The Espresso Interface
Search results appear in a clean, well-organized panel display.
ZyLAB Integrates Google Maps
November 8, 2009
According to Documanager.de, ZyLAB has integrated Google Maps with its ZyIMAGE Information Access Platform. Users now have the ability to identify the location of documents in a hit list. ZyLAB says that coordinates detail of the contents of a document can also be displayed on a Google Maps. The function requires no additional work on the part of the user.
Uses of the functionality range from law enforcement to eDiscovery. A user runs a query and each pin represents a document or a set of documents that are displayed on the additional metadata when you hover the mouse over it.
ZyLAB’s Rijnbeek Vincent, said:
This new functionality provides additional options to our use of visualization tools and ensuring more transparency in the information jungle. If, for example included in the context of criminal investigations coordinates of a crime scene in a document, it shows a pin exactly in these Google Maps to. But even in the building and construction sector is the new integration useful, by example, location information from complex construction plans quickly and clearly represents.
The use of visualization tools solves a major problem of the usual file structures: These traditional structures typically do not allow users to view an item that is not currently displayed on the screen. Large document sets pose a particular challenge. A collapsible folder structure is unwieldy, especially if users have to follow several nested folders. The constant scrolling, as is required in table structures, is cumbersome and not conducive to efficient and accurate data investigations.
More information is available from ZyLAB at http://www.zylab.com.
Stephen Arnold, November 8, 2009
No joy, no payment. Report this charitable act to the Red Cross.
Recommind and the On Premises versus Hosted Services Options
November 3, 2009
I read “One Quarter of UK Organizations Unnecessarily Outsource All eDisclosure Needs, Recommind Comments” as I was updating my briefing about content processing in 2010. The write up puzzled me. Recommind has positioned itself as a player in enterprise search. In this article, the company apparently conveyed the impression that Recommind is a leader in “information risk”. I also found interesting this assertion:
Recommind believes that organizations should refrain from outsourcing all information management responsibility when it comes to eDisclosure…
Outsourcing is an important part of eDiscovery options offered by Autonomy, Brainware, and dozens of other firms.
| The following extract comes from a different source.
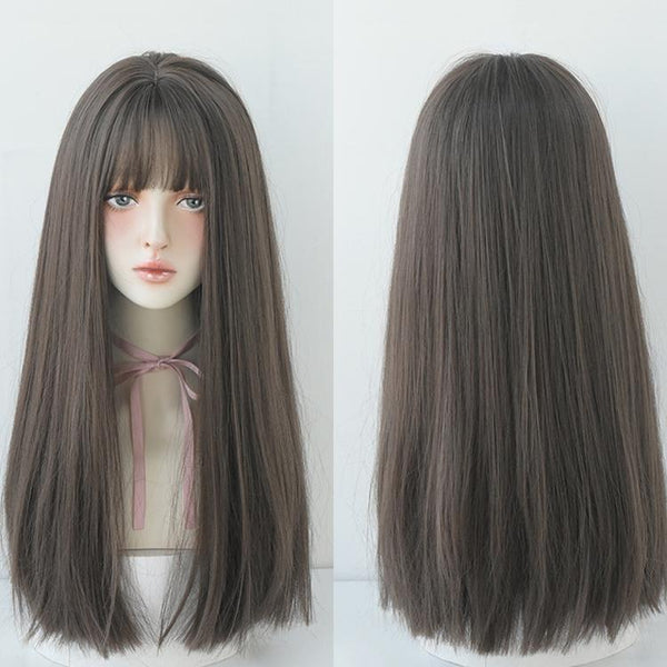 Wig Female Long Hair Full Headgear Straight Hair Natural Air Bangs Full Top Wig(Cool Brown 58CM)

In fact, hybrid solutions are often needed because the challenges of eDiscovery can be demanding due to time constraints or the volume of information that must be processed in a specific period of time. So “all” strikes me as one of those silly categorical affirmatives that appear to give a service an advantage but serve to point up the logical weakness in some marketing talk.
The one part of the write up I found useful was the link to an eDiscovery survey that contains some useful data. You can find the Fulbright & Jaworski report here.
Stephen Arnold, November 3, 2009
I wish to report to the General Services Administration that this was a freebie.